2. A method of identifying a synthetic peptide aptamer, from a library comprising a plurality of synthetic peptide aptamers, that binds a target, comprising: providing the peptide aptamer library comprising the plurality of synthetic peptide aptamers, the plurality of synthetic peptide aptamers being generated from at least one synthetic peptide; contacting the peptide aptamer library with the target; removing unbound synthetic peptide aptamers after contacting the peptide aptamer library with the target; and analyzing the bound synthetic peptide aptamers; thereby identifying the synthetic peptide aptamer of the plurality of synthetic peptide aptamers that binds the target.
3. The method of claim 2, wherein the at least one synthetic peptide comprises two or more domains separated by a cleavage site.
4. The method of claim 3, wherein at least one domain comprises at least one random amino acid.
5. The method of claim 4, wherein the at least one random amino acid is randomly selected from a subset of amino acids.
6. The method of claim 5, wherein the subset of amino acids comprises a subset of the 20 common amino acids.
7. The method of claim 5, wherein the subset of amino acids comprises a subset of fewer than 5 amino acids.

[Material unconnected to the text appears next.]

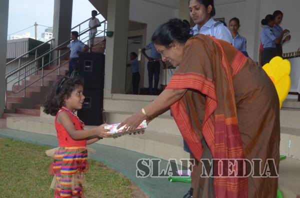 The Chairperson of the SLAF Seva Vanitha Unit, Mrs. Samanthi Bulathsinghale graced the occasion as the Chief Guest and distributed the prizes and gifts among the children. Commanding Officer of SLAF Station Colombo Air Commodore Prasanna Payoe also present at the event.
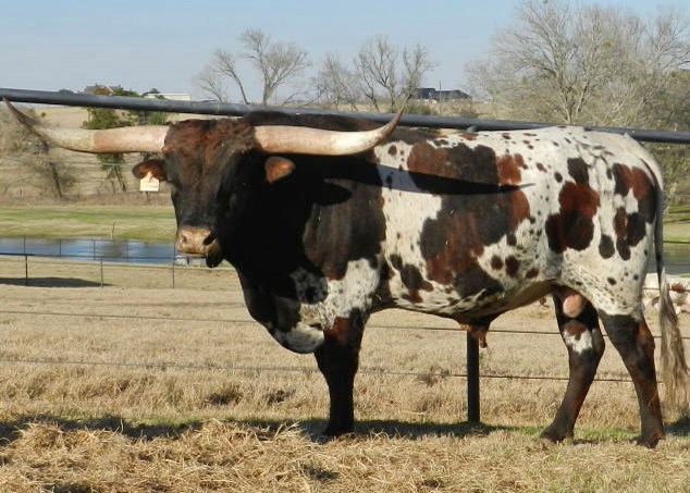 This flashy bull is from Cowboy Chex and RII Lady In Red who is over 85" TTT and is one of the most colorful longhorns in the breed. Check out the genetics of this young bull. Very good horn, size and incredible multi-color spots with brindle. He looks like his famous daddy but with much more color.He is a can't miss young bull. His first calves are awesome check on progeny and see for yourself.

8. The method of any one of claims 3-7, wherein the cleavage site comprises a protease cleavage site.
9. The method of any one of claims 3-8, wherein the cleavage site comprises a trypsin cleavage site and/or a chymotrypsin cleavage site.
10. The method of any one of claims 3-9, wherein the cleavage site comprises a chemical cleavage site.
11 .The method of any one of claims 3-10, wherein the at least one synthetic peptide further comprises at least one predetermined amino acid at a predetermined position within at least one domain.
12. The method of claim 11 , wherein the at least one predetermined amino acid comprises a hydrophobic amino acid.
13. The method of claim 11 , wherein the at least one predetermined amino acid comprises tryptophan, histidine, phenylalanine, methionine, tyrosine, cysteine, or lysine.
14. The method of any one of claims 2-13, wherein analyzing the bound synthetic peptide aptamers comprises: generating a MS/MS query spectrum of the synthetic peptide aptamer; receiving one or more parameters of the query spectrum; generating one or more candidate peptide sequences based on the one or more parameters of the query spectrum; generating a plurality of samples of the query spectrum; selecting at least one query sample from the plurality of query samples for comparison with the one or more candidate peptide sequences; determining a likelihood indicator for each of the one or more candidate peptide sequences based on a comparison with the at least one query sample; applying a signal to noise filter to the one or more candidate peptide sequences based on the likelihood indicators for the candidate peptide sequences; and selecting at least one candidate peptide sequence as a proposed peptide sequence for the query spectrum based on the filtered candidate peptide sequences.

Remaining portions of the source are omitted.